Exercise - Each line of the data below between the one containing "ନବରଙ୍ଗପୁର: ଭୁଶୁଡ଼ିଲା ପୋଲ" and the one containing "Одновременно прибавить для", both included, is to be repeated exactly. Please omit pictures.

Source material -
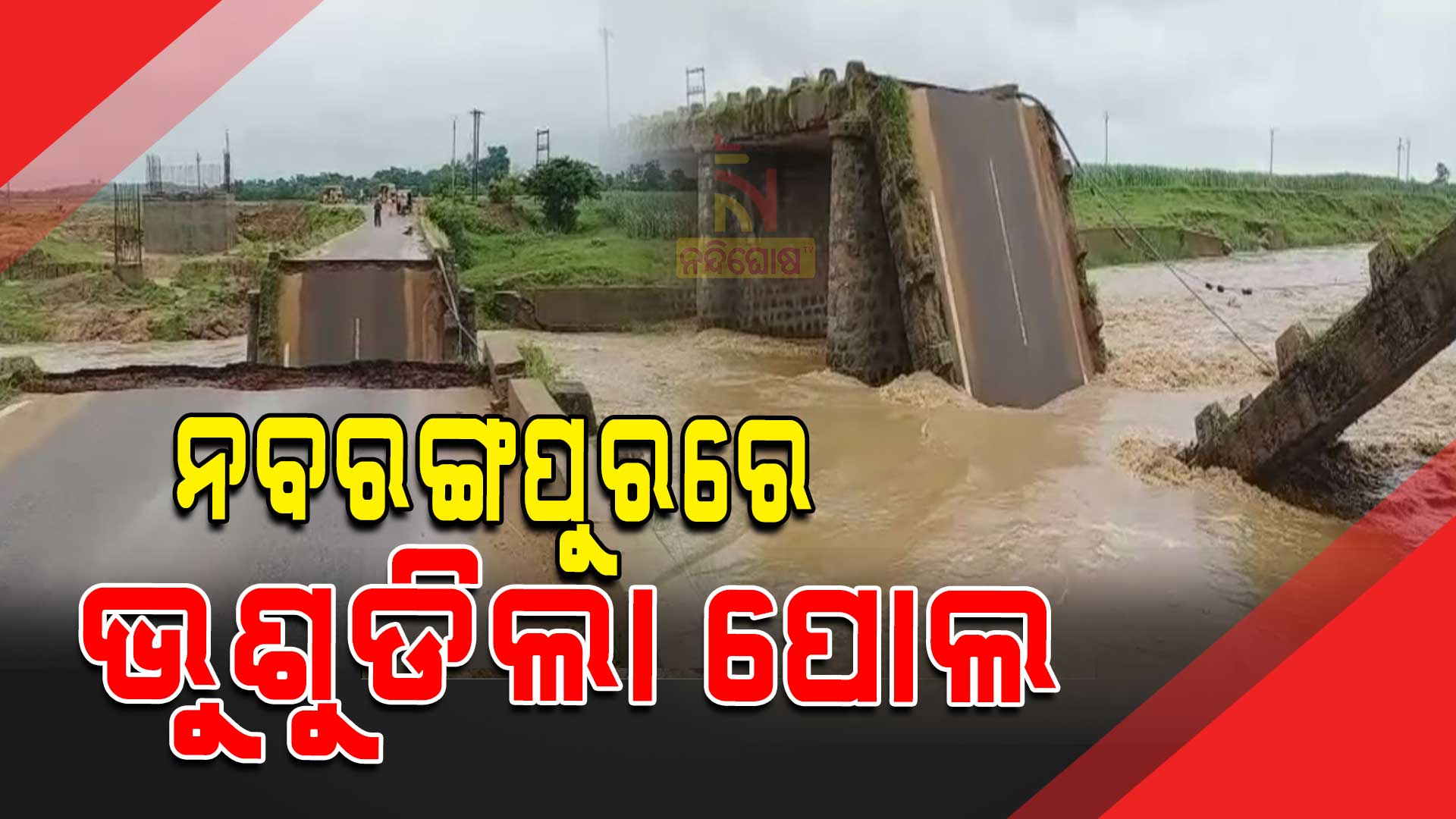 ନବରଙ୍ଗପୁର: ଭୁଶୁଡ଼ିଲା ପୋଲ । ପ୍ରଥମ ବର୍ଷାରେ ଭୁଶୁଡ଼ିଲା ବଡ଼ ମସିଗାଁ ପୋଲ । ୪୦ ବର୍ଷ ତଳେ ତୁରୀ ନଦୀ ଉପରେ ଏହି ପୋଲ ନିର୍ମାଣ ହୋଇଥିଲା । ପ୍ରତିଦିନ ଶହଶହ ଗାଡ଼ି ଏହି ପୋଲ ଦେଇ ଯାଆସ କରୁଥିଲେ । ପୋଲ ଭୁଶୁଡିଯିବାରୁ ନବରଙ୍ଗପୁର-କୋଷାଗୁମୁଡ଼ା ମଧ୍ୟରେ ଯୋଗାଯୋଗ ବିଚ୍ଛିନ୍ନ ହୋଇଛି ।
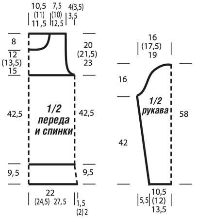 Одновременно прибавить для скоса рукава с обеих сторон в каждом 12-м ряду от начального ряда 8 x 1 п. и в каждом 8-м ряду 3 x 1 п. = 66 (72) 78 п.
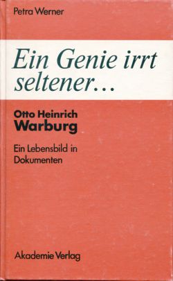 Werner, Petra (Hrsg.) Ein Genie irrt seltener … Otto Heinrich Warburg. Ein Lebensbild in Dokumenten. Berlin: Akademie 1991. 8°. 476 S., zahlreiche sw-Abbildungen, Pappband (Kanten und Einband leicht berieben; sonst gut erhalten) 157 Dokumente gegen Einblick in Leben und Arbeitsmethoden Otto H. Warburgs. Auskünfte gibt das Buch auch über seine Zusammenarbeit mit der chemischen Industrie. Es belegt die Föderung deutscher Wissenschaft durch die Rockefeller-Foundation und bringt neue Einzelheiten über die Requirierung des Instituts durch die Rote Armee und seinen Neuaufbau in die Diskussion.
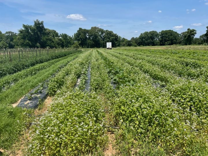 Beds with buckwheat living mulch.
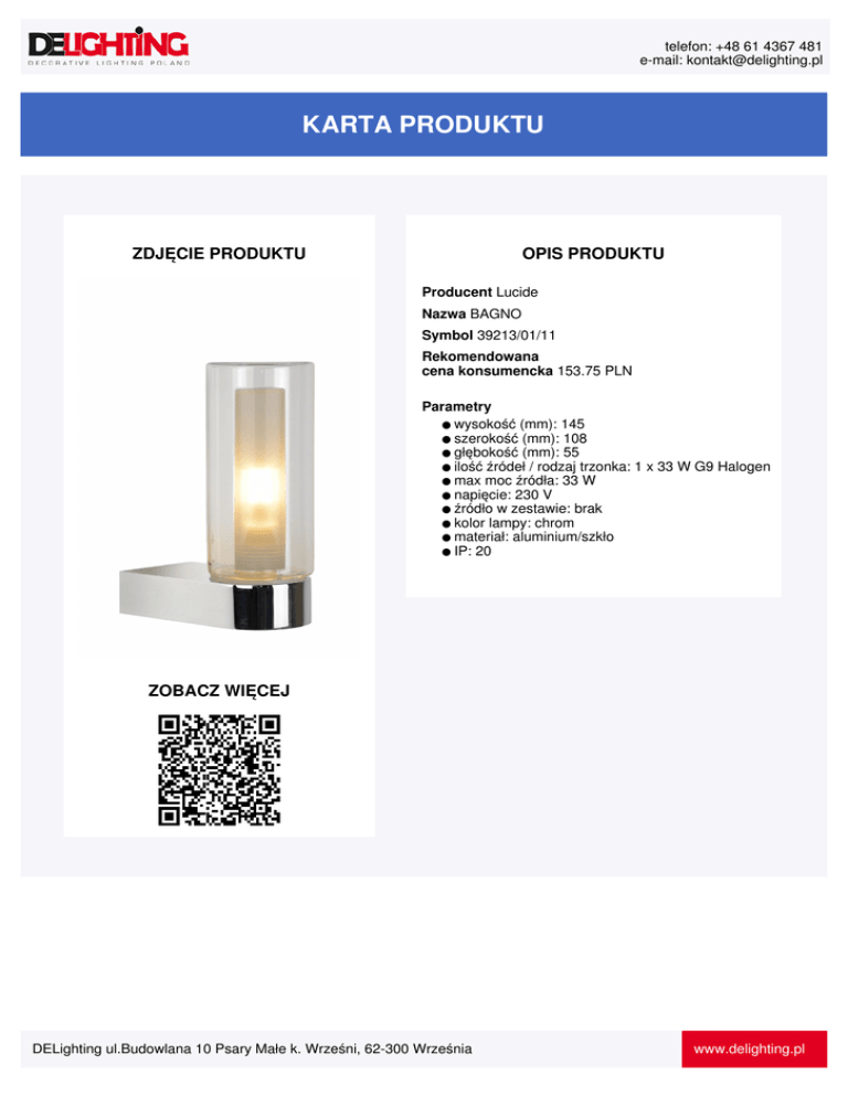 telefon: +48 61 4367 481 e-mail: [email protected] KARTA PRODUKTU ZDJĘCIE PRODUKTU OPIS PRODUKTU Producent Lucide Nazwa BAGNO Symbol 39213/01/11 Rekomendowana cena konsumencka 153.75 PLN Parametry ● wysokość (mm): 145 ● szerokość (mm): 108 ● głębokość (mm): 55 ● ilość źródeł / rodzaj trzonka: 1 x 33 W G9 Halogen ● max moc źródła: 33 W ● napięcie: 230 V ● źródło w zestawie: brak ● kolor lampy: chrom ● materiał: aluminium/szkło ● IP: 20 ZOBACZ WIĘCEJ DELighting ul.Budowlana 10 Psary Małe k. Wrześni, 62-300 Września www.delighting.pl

* * *

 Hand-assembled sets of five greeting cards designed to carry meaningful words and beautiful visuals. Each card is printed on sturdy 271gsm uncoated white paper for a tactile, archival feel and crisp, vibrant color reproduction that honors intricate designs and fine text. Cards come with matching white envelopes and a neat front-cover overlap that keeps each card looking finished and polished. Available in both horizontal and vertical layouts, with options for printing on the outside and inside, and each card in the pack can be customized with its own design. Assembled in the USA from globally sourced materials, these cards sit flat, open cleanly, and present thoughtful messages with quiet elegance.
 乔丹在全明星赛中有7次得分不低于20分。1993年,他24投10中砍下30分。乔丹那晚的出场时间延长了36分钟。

Answer for the task -
 ନବରଙ୍ଗପୁର: ଭୁଶୁଡ଼ିଲା ପୋଲ । ପ୍ରଥମ ବର୍ଷାରେ ଭୁଶୁଡ଼ିଲା ବଡ଼ ମସିଗାଁ ପୋଲ । ୪୦ ବର୍ଷ ତଳେ ତୁରୀ ନଦୀ ଉପରେ ଏହି ପୋଲ ନିର୍ମାଣ ହୋଇଥିଲା । ପ୍ରତିଦିନ ଶହଶହ ଗାଡ଼ି ଏହି ପୋଲ ଦେଇ ଯାଆସ କରୁଥିଲେ । ପୋଲ ଭୁଶୁଡିଯିବାରୁ ନବରଙ୍ଗପୁର-କୋଷାଗୁମୁଡ଼ା ମଧ୍ୟରେ ଯୋଗାଯୋଗ ବିଚ୍ଛିନ୍ନ ହୋଇଛି ।
 Одновременно прибавить для скоса рукава с обеих сторон в каждом 12-м ряду от начального ряда 8 x 1 п. и в каждом 8-м ряду 3 x 1 п. = 66 (72) 78 п.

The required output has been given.